The current establishment of a TU in Linz should be an occasion to put institutional aspects aside and emphasise qualitative criteria.
It is worth noting that, according to the information available so far, the planned TU Linz will have some parallels to the universities of applied sciences. Proximity to industry, a high degree of practical relevance and lean organisational structures are aspects that the Austrian universities of applied sciences have successfully established and implemented in Austria and that the new TU in Linz should now also have.
"In contrast to the universities of applied sciences, however, the new university is apparently to receive basic funding for research from federal funds. We are taking this as an opportunity to renew our long-standing demand for sustainable, performance-orientated funding for research at universities of applied sciences. Research is indispensable for ensuring high-quality teaching. Research must continue to develop in parallel with teaching in order to maintain the specific practice-oriented university profile of universities of applied sciences. If this is now taken into account in the implementation of the new TU, it must also apply to the UAS sector, which has been in existence for more than 30 years, and finally be reflected in basic federal funding for research," says FHK President Ulrike Prommer.

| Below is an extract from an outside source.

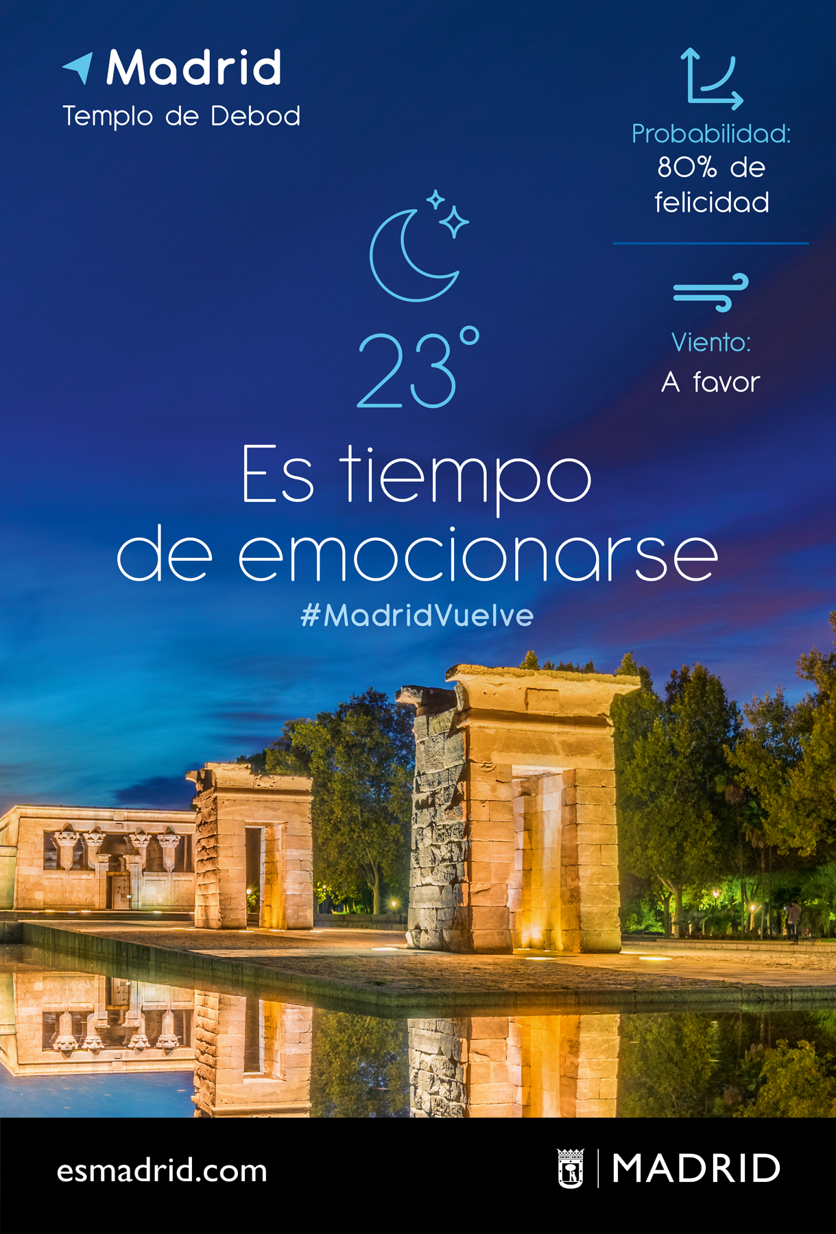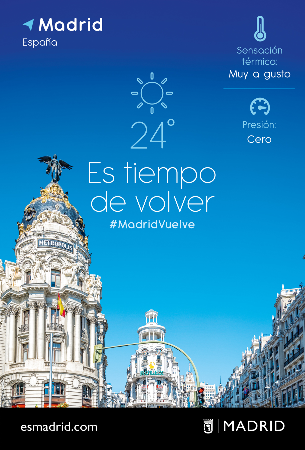 Inspiradas en el concepto ‘Es tiempo de’, las creatividades de esta campaña recrean una pantalla con información meteorológica, con los diferentes iconos de temperatura, viento y sensación térmica. Unos iconos que, en esta ocasión, sirven para medir las sensaciones y emociones que el madrileño y el visitante pueden sentir y experimentar en la ciudad: ‘Sensación térmica: muy a gusto’, ‘Probabilidad: 80 % de felicidad’, ‘Presión: cero’, etc.

With regard to the institutional right to award doctorates that is to be granted to the new TU in Linz, FHK Secretary General Kurt Koleznik notes: "The implementation of doctorates and their anchoring in the Austrian higher education landscape require a stringent legal basis. Not only institutional, but above all qualitative criteria should be relevant here. There is no doubt that there are research fields at universities of applied sciences that have been successfully developed over many years. These are also structured in such a way that they would be in a position to successfully apply for accreditation of a doctoral programme almost immediately. And yet universities of applied sciences are denied this opportunity. This unequal treatment cannot be objectively justified and must be urgently remedied."